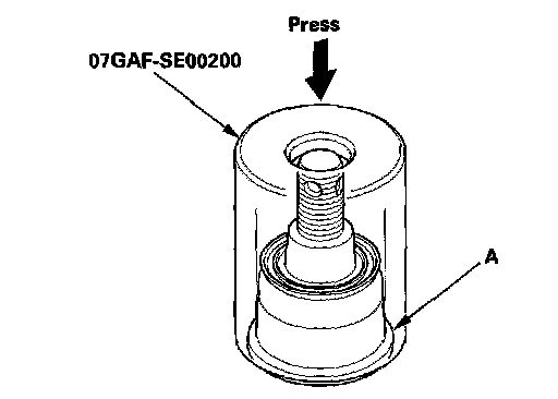 6. Press the boot with the special tool until the bottom seats on the lower ball housing (A) all the way around.
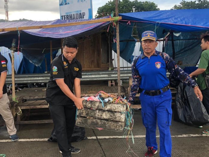 Dalam aksi tersebut, para personil gaubungan TNI/POLRI ini nampak menyisir seluruh jenis sampah yang berserakan di sekitar jalan arteri diantaranya tumpukan kulit durian.
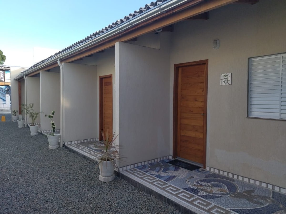 Útulné studio se nachází v klidné čtvrti Gravatá, jednom z nejkrásnějších míst na severním pobřeží Santa Catariny. Naše ubytování bylo navrženo tak, aby nabídlo pohodlí a praktičnost jen pár kroků od písku, se vším, co potřebuješ k relaxačnímu pobytu. Jen 40 metrů od pláže si můžeš vychutnat procházky při západu slunce, koupání v moři a plážovou atmosféru, aniž bys musel/a spoléhat na auto. • V blízkosti restaurací, tržiště, lékárny... • 4 km od zábavního parku Beto Carrero World a 7 km od letiště
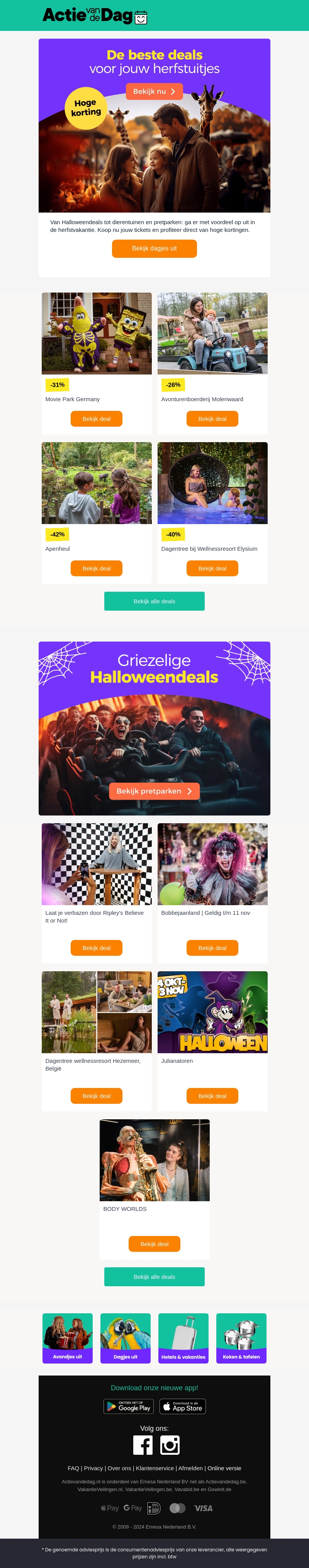 Profiteer deze herfstvakantie van geweldige deals met hoge kortingen. Ontdek aanbiedingen voor dierentuinen en pretparken, ideaal voor een gezellig uitje met het gezin. Van griezelige Halloweendeals tot ontspannende wellness ervaringen, er is voor ieder wat wils. Bekijk de aanbiedingen nu en plan je perfecte uitje.
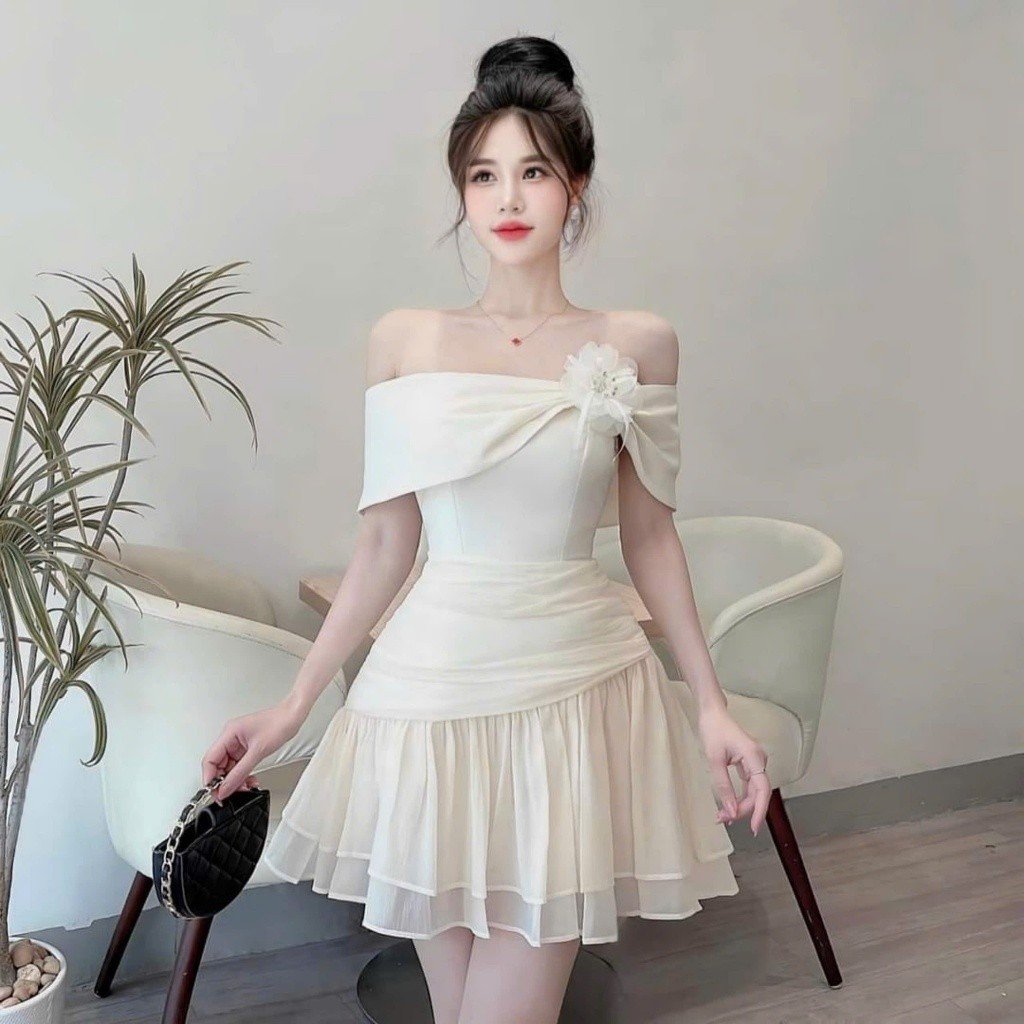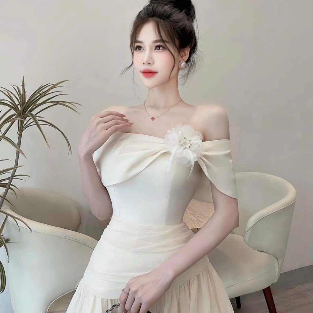 • Kiểu dáng trễ vai quyến rũ: Điểm nhấn đắt giá nhất của chiếc đầm chính là thiết kế trễ vai tinh tế. Đường cắt khéo léo giúp khoe trọn bờ vai trần thon gọn và xương quai xanh gợi cảm, tạo nên sức hút khó cưỡng nhưng vẫn giữ được sự thanh lịch, chừng mực.
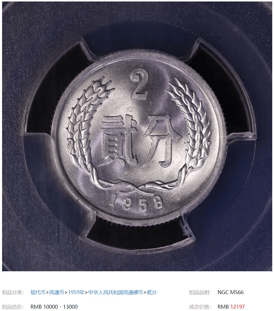 最让人意外的,便是1959年的流通版2分硬币,经过几十年的岁月沉淀,它的稀缺性愈加显著。
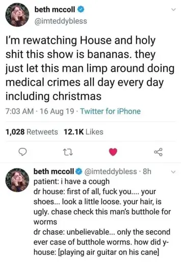 Yeah the cases were fun and formulaic, but my favorite parts were seeing the moments House was confronted with his mental health. The guy cared a lot and had no idea how to deal with it.
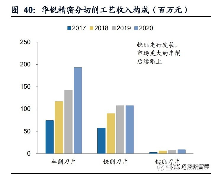 产品突破路径:集中攻关。数控刀片根据工艺与加工材质的不同具有繁多的类别, 对后发企业来说,集中攻关,以一点突破带动整体突破是可行的策略。欧科亿着眼 于工件材质,首先完成钢件的攻关,接下来依次开拓不锈钢及铸铁材质业务。华锐 精密着眼于切削工艺,首先在铣削方面取得突破,随后带动市场空间更大的车削业 务。集中攻关使国内企业取得了最初的市场突破,但无论是开拓高端市场,还是提 供整体解决方案,都要求国内企业下一步提升产品的全面性。
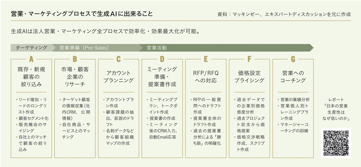 第一に、生成AI活用だ。生成AIはもはや先進企業だけのものではなく、広く普及し始めている(図表参照)。しかし、営業現場への浸透度には企業間で大きな開きがある。この差の 最大の要因は、経営陣による投資のスピード、そして組織的な動きとして実装できるかどうか、である。
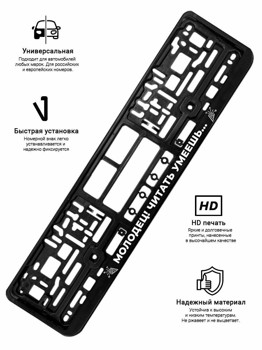 Купить Рамка для номера автомобиля с надписью "Молодец! Читать умеешь. . " черный
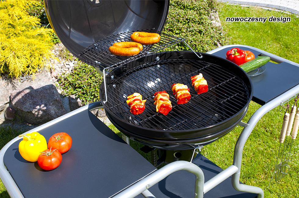 Grill wyposażowy jest w 2 metalowe półki
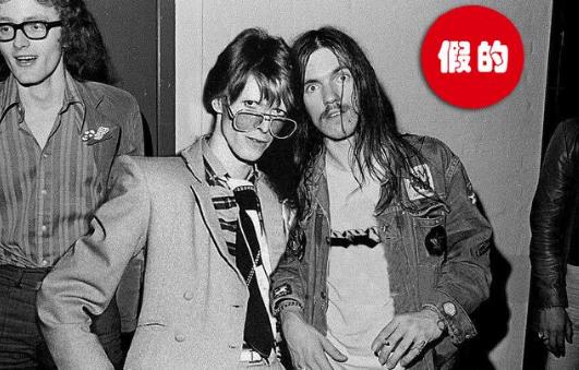 大衛·鮑威(David Bowie,1947年1月8日-2016年1月11日),原名大衛·羅伯特·海伍德·瓊斯(David Robert Haywood Jones),出生于英國倫敦布里克斯頓,英國搖滾歌手、演員。許多人認為大衛·鮑伊和摩托頭樂隊主唱萊米在這張照片上并肩站在一起。但是原照片很容易在網上查找到,事實上,這是萊米和他的女朋友一起的拍照。
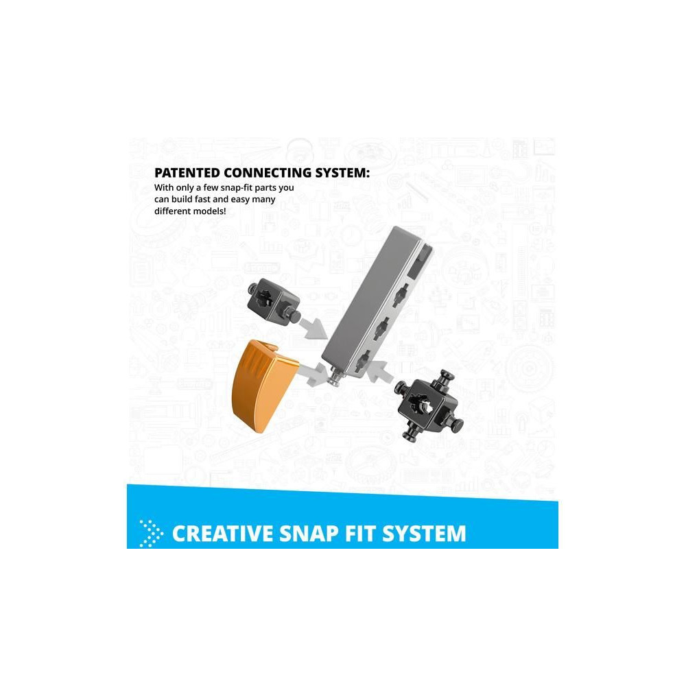 Az INVENTOR MECHANICS sorozat tematikus megközelítést alkalmaz, többféle modelllehetőséggel és egy lenyűgöző főmodellel. Az ENGINO® rendszer szabadalmaztatott alkatrészeket tartalmaz, amelyek mind az esztétikai, mind a műszaki jellemzőket javítják. Ezek az alkatrészek közé tartoznak a nagy pontosságú görgők, a különböző mechanizmusok és az előre gyártott ívelt felületek. Csak meg kell értenie az összeszerelési rendszert, és máris létrehozhatja saját épületalkotásait.
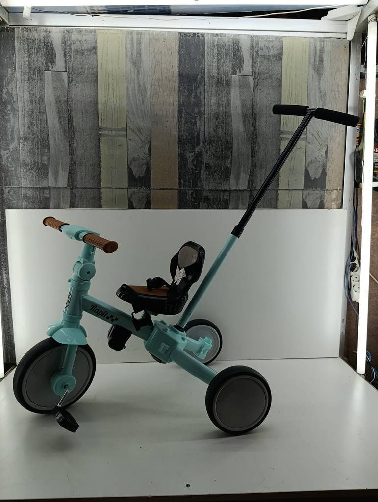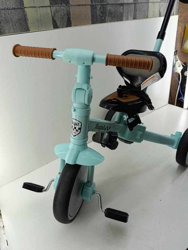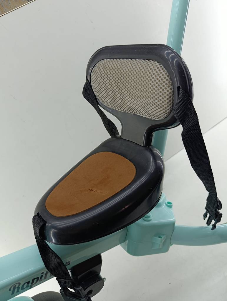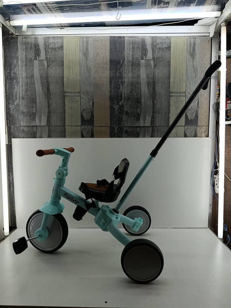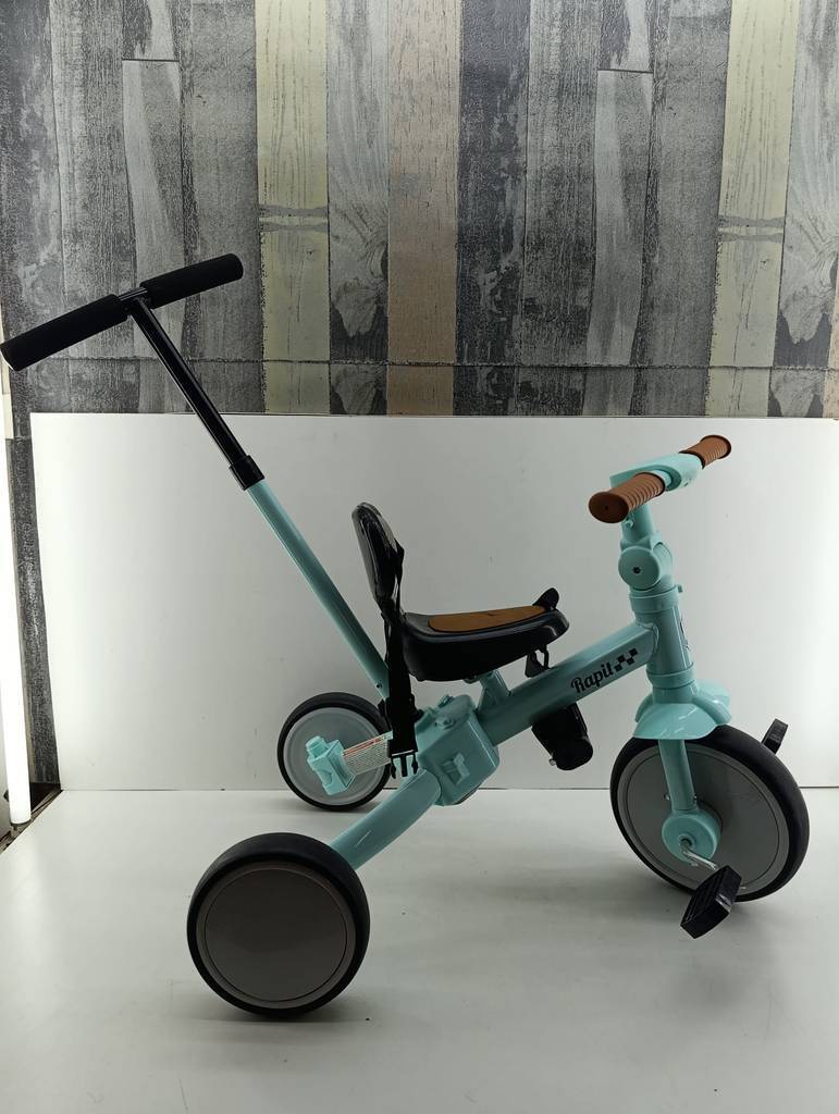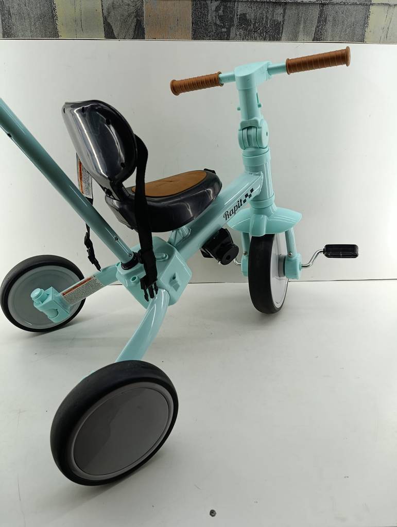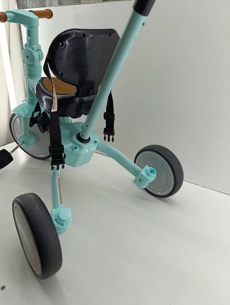 Triciclo evolutivo de color turquesa. Se trata de un triciclo evolutivo de color turquesa que cuenta con tres ruedas, un manillar, un cómodo asiento con respaldo y cinturón de seguridad y un palo con mango para poder llevarlo y conducirlo desde arriba y atrás. Es un triciclo ideal para un niño pequeño que aún no sepa ir en bicicleta. Como se puede observar en las fotografías se encuentra en buenas condiciones.

════

**Your instructions:**
Give the listing again word for word. Skip every image.

**Answer to this exercise:**
 6. Press the boot with the special tool until the bottom seats on the lower ball housing (A) all the way around.
 Dalam aksi tersebut, para personil gaubungan TNI/POLRI ini nampak menyisir seluruh jenis sampah yang berserakan di sekitar jalan arteri diantaranya tumpukan kulit durian.
 Útulné studio se nachází v klidné čtvrti Gravatá, jednom z nejkrásnějších míst na severním pobřeží Santa Catariny. Naše ubytování bylo navrženo tak, aby nabídlo pohodlí a praktičnost jen pár kroků od písku, se vším, co potřebuješ k relaxačnímu pobytu. Jen 40 metrů od pláže si můžeš vychutnat procházky při západu slunce, koupání v moři a plážovou atmosféru, aniž bys musel/a spoléhat na auto. • V blízkosti restaurací, tržiště, lékárny... • 4 km od zábavního parku Beto Carrero World a 7 km od letiště
 Profiteer deze herfstvakantie van geweldige deals met hoge kortingen. Ontdek aanbiedingen voor dierentuinen en pretparken, ideaal voor een gezellig uitje met het gezin. Van griezelige Halloweendeals tot ontspannende wellness ervaringen, er is voor ieder wat wils. Bekijk de aanbiedingen nu en plan je perfecte uitje.
 • Kiểu dáng trễ vai quyến rũ: Điểm nhấn đắt giá nhất của chiếc đầm chính là thiết kế trễ vai tinh tế. Đường cắt khéo léo giúp khoe trọn bờ vai trần thon gọn và xương quai xanh gợi cảm, tạo nên sức hút khó cưỡng nhưng vẫn giữ được sự thanh lịch, chừng mực.
 最让人意外的,便是1959年的流通版2分硬币,经过几十年的岁月沉淀,它的稀缺性愈加显著。
 Yeah the cases were fun and formulaic, but my favorite parts were seeing the moments House was confronted with his mental health. The guy cared a lot and had no idea how to deal with it.
 产品突破路径:集中攻关。数控刀片根据工艺与加工材质的不同具有繁多的类别, 对后发企业来说,集中攻关,以一点突破带动整体突破是可行的策略。欧科亿着眼 于工件材质,首先完成钢件的攻关,接下来依次开拓不锈钢及铸铁材质业务。华锐 精密着眼于切削工艺,首先在铣削方面取得突破,随后带动市场空间更大的车削业 务。集中攻关使国内企业取得了最初的市场突破,但无论是开拓高端市场,还是提 供整体解决方案,都要求国内企业下一步提升产品的全面性。
 第一に、生成AI活用だ。生成AIはもはや先進企業だけのものではなく、広く普及し始めている(図表参照)。しかし、営業現場への浸透度には企業間で大きな開きがある。この差の 最大の要因は、経営陣による投資のスピード、そして組織的な動きとして実装できるかどうか、である。
 Купить Рамка для номера автомобиля с надписью "Молодец! Читать умеешь. . " черный
 Grill wyposażowy jest w 2 metalowe półki
 大衛·鮑威(David Bowie,1947年1月8日-2016年1月11日),原名大衛·羅伯特·海伍德·瓊斯(David Robert Haywood Jones),出生于英國倫敦布里克斯頓,英國搖滾歌手、演員。許多人認為大衛·鮑伊和摩托頭樂隊主唱萊米在這張照片上并肩站在一起。但是原照片很容易在網上查找到,事實上,這是萊米和他的女朋友一起的拍照。
 Az INVENTOR MECHANICS sorozat tematikus megközelítést alkalmaz, többféle modelllehetőséggel és egy lenyűgöző főmodellel. Az ENGINO® rendszer szabadalmaztatott alkatrészeket tartalmaz, amelyek mind az esztétikai, mind a műszaki jellemzőket javítják. Ezek az alkatrészek közé tartoznak a nagy pontosságú görgők, a különböző mechanizmusok és az előre gyártott ívelt felületek. Csak meg kell értenie az összeszerelési rendszert, és máris létrehozhatja saját épületalkotásait.
 Triciclo evolutivo de color turquesa. Se trata de un triciclo evolutivo de color turquesa que cuenta con tres ruedas, un manillar, un cómodo asiento con respaldo y cinturón de seguridad y un palo con mango para poder llevarlo y conducirlo desde arriba y atrás. Es un triciclo ideal para un niño pequeño que aún no sepa ir en bicicleta. Como se puede observar en las fotografías se encuentra en buenas condiciones.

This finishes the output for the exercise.